A study of Kenyan smallholder farmers done by Mercy Corps found that two-thirds of farmers earn less than Sh7,740 a month from their produce – although the average earnings from fruit and vegetables is higher.

However, in an interview with FarmBizAfrica.com, spokesman for the Horticultural Crop Directorate (HCD) of the Agriculture and Food Authority (AFA) Collins Otieno confirmed that all

farmers will be obliged to adhere to the standard, which also requires farmers’ IDs, plot records, and growing records to be kept and submitted to every produce buyer.

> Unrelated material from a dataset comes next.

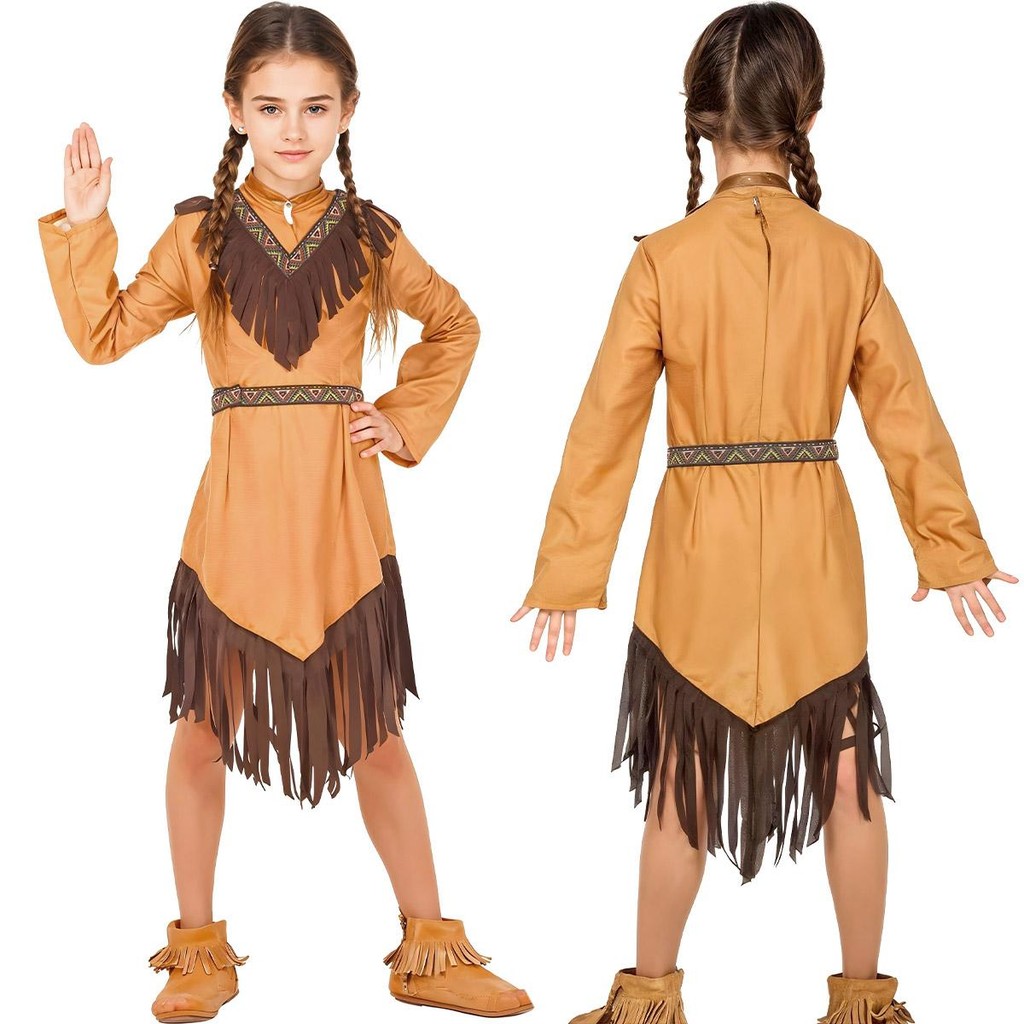 Fantasia Infantil pra Menina de Luxo Festa e Carnaval Vestido de India Americana com Franja

The HCD, as well as other agricultural organisations, including the large-farmer lobby groups, the Fresh Produce Consortium of Kenya, and FPEAK, as well as international agricultural organisations have all confirmed the rules will be mandatory for farmers selling produce inside Kenya. Yet, despite intense foreign-aid funding by TradeMark Africa for workshops, strategies, and the implementation of the new rules, none of these organisations has addressed the scale of disruption that will be caused to the country’s food supplies, or the temptation for enforcers to accept bribes where no alternative food sources are available for buyers.

Horticulture is the largest agricultural sub-sector in Kenya. In a FarmBizAfrica national survey of 155 farmers in January 2024, 78 per cent reported growing at least one horticultural crop on their farm. According to an analysis of Kenyan smallholder farmers, these crops earn the country’s farmers an average total monthly income of Sh21,115.39 a month.

Altogether, the government will be closing down earnings to farmers of over Sh280bn a year.

The new rules have been laid out in the Kenya Standard 1758: 2016 (KS 1758) Horticulture Industry Code of Practice.